The minister commented in a dismissive fashion after it was announced that the SverigesRiksbank Prize in economics set up in memory of Alfred Nobel was awarded to Duflo, Banerjee and Michael Kremer. Banerjee is the husband of Duflo.

In an interview to Outlook over Skype from her home in Massachusetts, Duflo said: “We have been working in India for years now under different governments, and we have always found good relationships, particularly in our work in the States. Currently, we have collaborations going on with the state of Haryana on one end of the spectrum and West Bengal on the other end, and pretty much anyone in between,” Duflo said. The wife-husband duo has published their latest book called "Good Economics for Hard Times: Better Answers to Our Biggest Problems".

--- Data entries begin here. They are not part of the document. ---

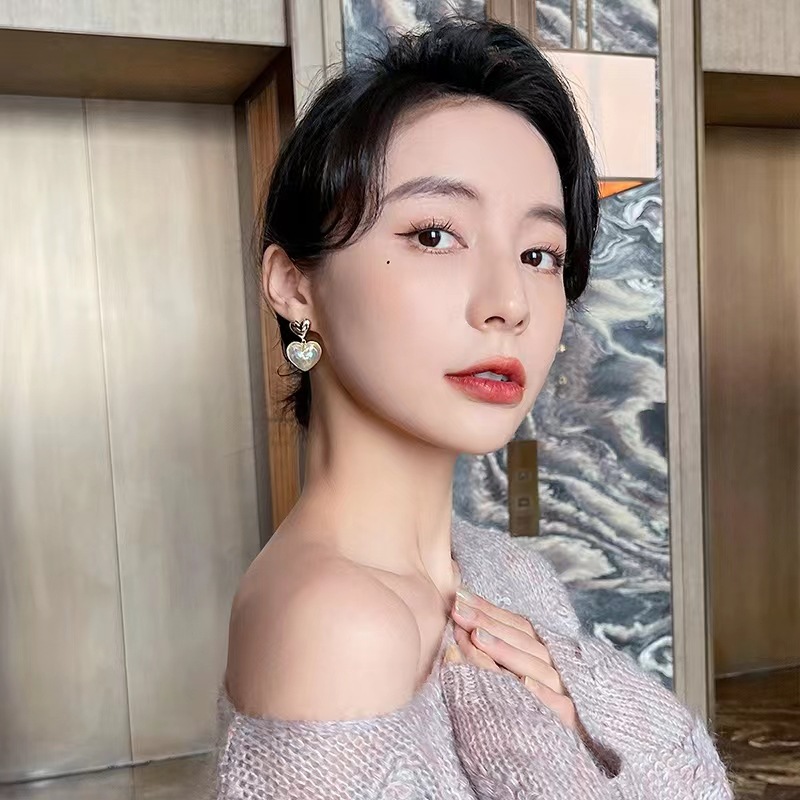小众设计高级感人鱼姬珍珠爱心耳环925银针百搭桃心耳钉耳饰女潮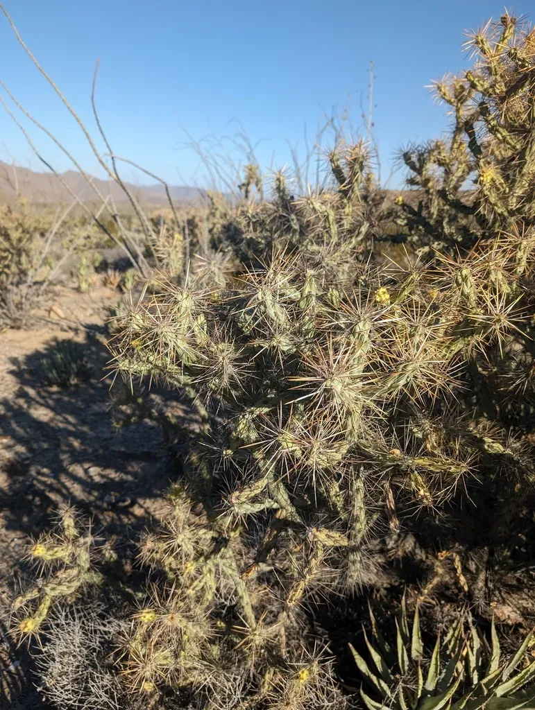Cylindropuntia molesta is a cactus species endemic to Baja California, Mexico, known for its jointed cylindrical stems and barbed spines.
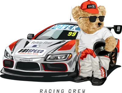 Racing Crew Bear & Race Car DTF Transfer | Motorsports T-Shirt Design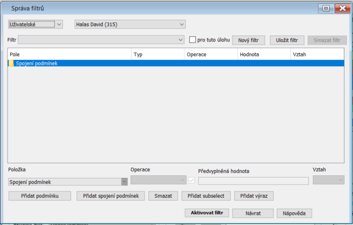 Filtry - Správa filtrů umožňuje připravit si filtry s kombinací podmínek, na základě kterých je možné rychle filtrovat data, případně daný filtr vypnout.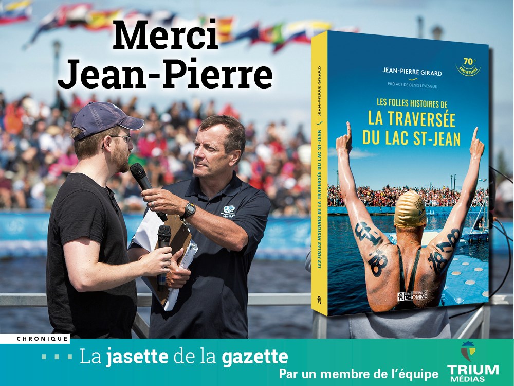 Quel cadeau offre Jean-Pierre Girard à la population du Saguenay–Lac-Saint-Jean et surtout à ceux qui ont toujours été fascinés par le mythique marathon que représente la Traversée du lac-St-Jean à la nage. Un livre sur les folles histoires de cette épreuve unique au monde.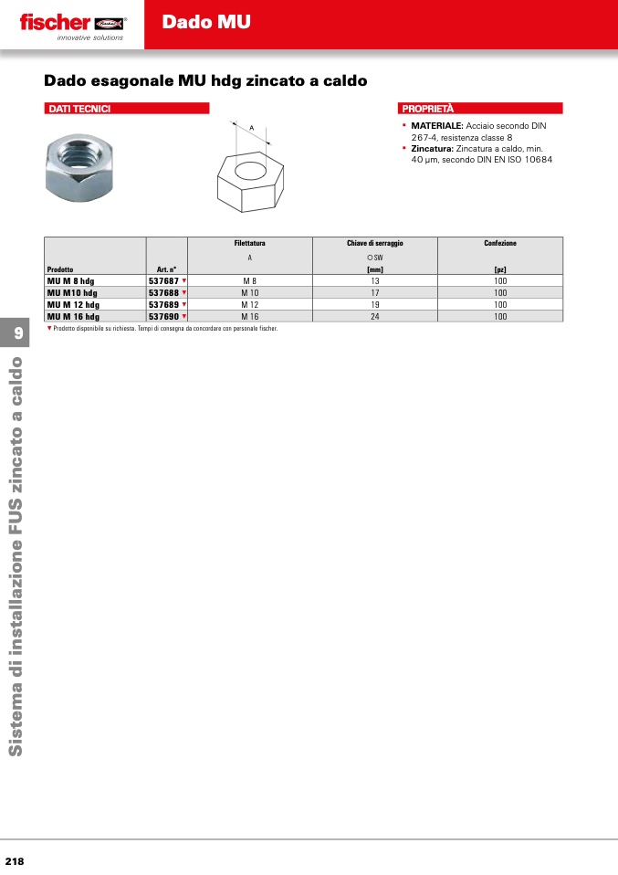 ▼ Prodotto disponibile su richiesta. Tempi di consegna da concordare con personale fischer.

The Nobel Laureates have been called pragmatist economists, who have done their research, including randomized clinical trials, which were specially mentioned by the Nobel committee in naming the three for the award. Duflo says politics has never been an issue with them. “If there is one area where everybody – Left, Right and
Centre – agrees is that one needs to have the most effective policies to help alleviate poverty,” she says.

Whichever form of the government was in power in countries that they have worked for, the question has been the amount of money that one can, or is willing to, spend on the welfare of the poor, she says. They all agreed, Duflo said, that the money had to be spent in a good and efficient way. “We need to try to have programmes that are going to make difference to the lives of the poor. That, I think, is not something that is tainted by any politics,” says the PhD in economics from the Massachusetts Institute of Technology.

Duflo says she has worked with many people in the grams (villages) that have nothing to do with politics. They have been talking to people in institutions, in information technology areas, to non-governmental organisations and to governments to help them achieve their objectives. She says a person can say whatever one wants about their work.